What exactly was destroyed in the Great Recession?

Thanks for the interesting answers so far, especially Carl Pham’s thorough one.

So I wonder if what is really going on is whether the recession was, at bottom, a miscalculation of the economy-wide stream of desires.

Goods and services, presumably, don’t have intrinsic value outside of people’s desires, as represented by what they are willing to spend money on. But this willingness is based both on one’s own enjoyment of the goods and services purchased and the ability to resell those goods and services later.

In the housing market, then, people thought that people would keep buying houses – and they had for quite a while, because of the general perception that other people would keep buying houses. But when subprime loans started defaulting at higher rates than normal, buyers at the margins weren’t willing to pay as much – desire dropped – and this cascaded backwards, prompting everyone else to recalculate what the market desired.

When value was lost in the housing market, then, what that effectively meant was that people now knew the long-term stream-of-desire was not what they thought it was.

All the transactions based on that shared understanding then ground to a halt, and it then became like a billion-legged centipede trying to turn itself around when the legs couldn’t know in advance which direction each of the other legs had decided.

It became, in other words, a giant coordination problem.

But it comes down, eventually, to people’s desire to exchange the real resources underlying the currency for other goods and services – a desire heavily influenced by a clear knowledge of everyone else’s collective desires. When that consensus falls apart, people cannot effectively plan for the future and all the production grinds to a halt.

Is that about right?

This is incorrect history. Hoover increased the federal budget by 50%, that is not what the Austrians would recommend. Furthermore after WW2 government spending dropped by 75% and there were only two years in the immediate aftermath that had a surplus. It was the booming economy that allowed the debt to go to a safe range and not vice versa.

In broad terms, that’s a good summary, as long as you take out “real.” “Acknowledged” might be a better term. Positive growth in productivity underlies this desire, so that’s an even more important factor.
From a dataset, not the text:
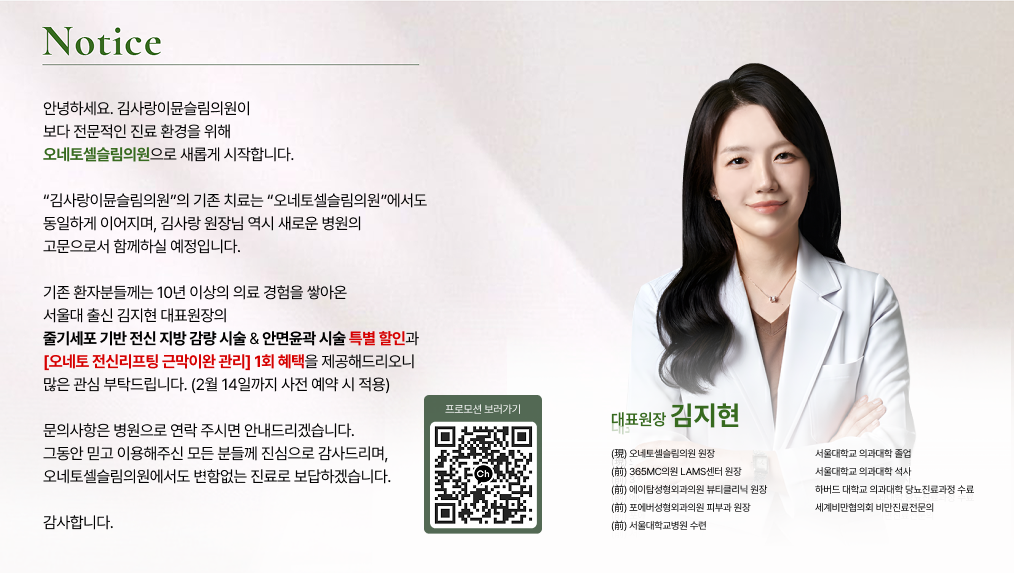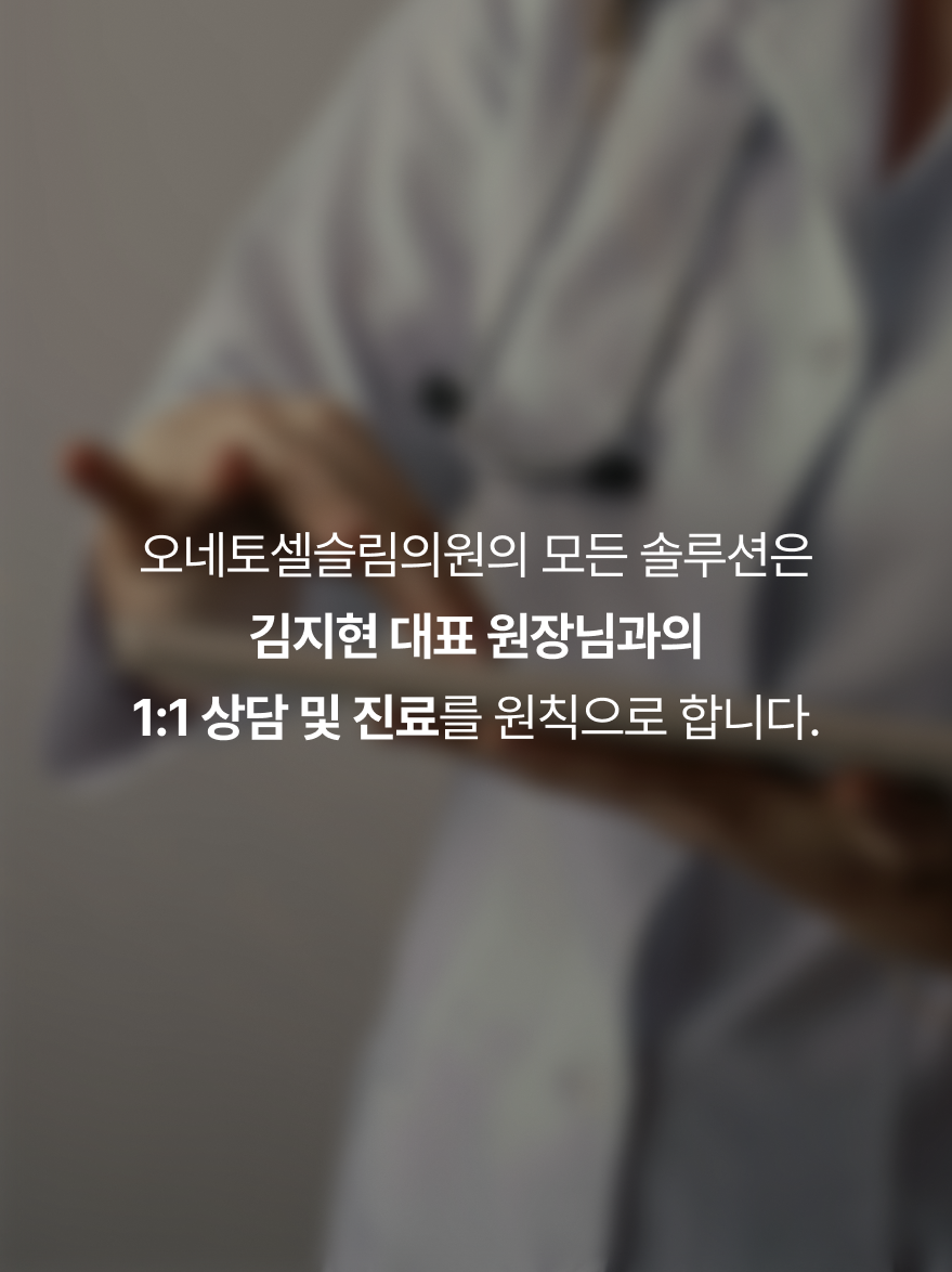 오네토셀슬림의원|의원대표원장 : 김지현|사업자번호 : 241-46-01175|대표번호 : 02-6403-1871

But it’s critical to remember how much of what we recognize as success occurs at the margins. Look at this table of GDP. Production did not grind to a halt in 2008 and 2009. It went down by about two percent and then recovered that in 2010.

Nothing ever changes in this formula. Dickens said it memorably: “Annual income twenty pounds, annual expenditure nineteen [pounds] nineteen [shillings] and six [pence], result happiness. Annual income twenty pounds, annual expenditure twenty pounds ought and six, result misery.”

Money, and even ownership, is just a story. It’s a story that convinces people to work together in a certain way, much like the stories of religion or myth binds communities.

Over time, we’ve created nifty little plot devices, like credit or banking, that allow us to do cool stuff with out storytelling power. We can create stories, underpinned by these plot devices, that allow us to work collectively to finance huge buildings or create security in our old age.

Over time, however, these plot devices have become much, much more complex, with sub-plots upon sub-plots, to the point that you really can’t follow them all. And at times, you end up with places where the plot begins to fray-- there are contradictions, dropped storylines, and places where the plot has just wandered so far from the main storyline where people stop believing. With a lot of clever storyteller, all trying to come up with a believable story that benefits them, it’s bound to happen.

We had a story that mortgage securities were safe investments. The subplots there got so complex that it took a while to realize the plot had stopped making sense long ago. Then we had a story that houses would grow in value indefinitely. This plot got so out of control that people just lost their suspension of disbelief. It got to the point in the novel where it’s so unbelievable that people say “now wait a minute, that can’t be what happens next!” And so people stopped doing whatever it was that the story had them doing, much like you might stop going to church if you realize your holy book makes no sense to you.

And when that happens, there is a bit of panic and confusion as people don’t know what to do. Eventually a new believable narrative emerges, and people move on to that storyline.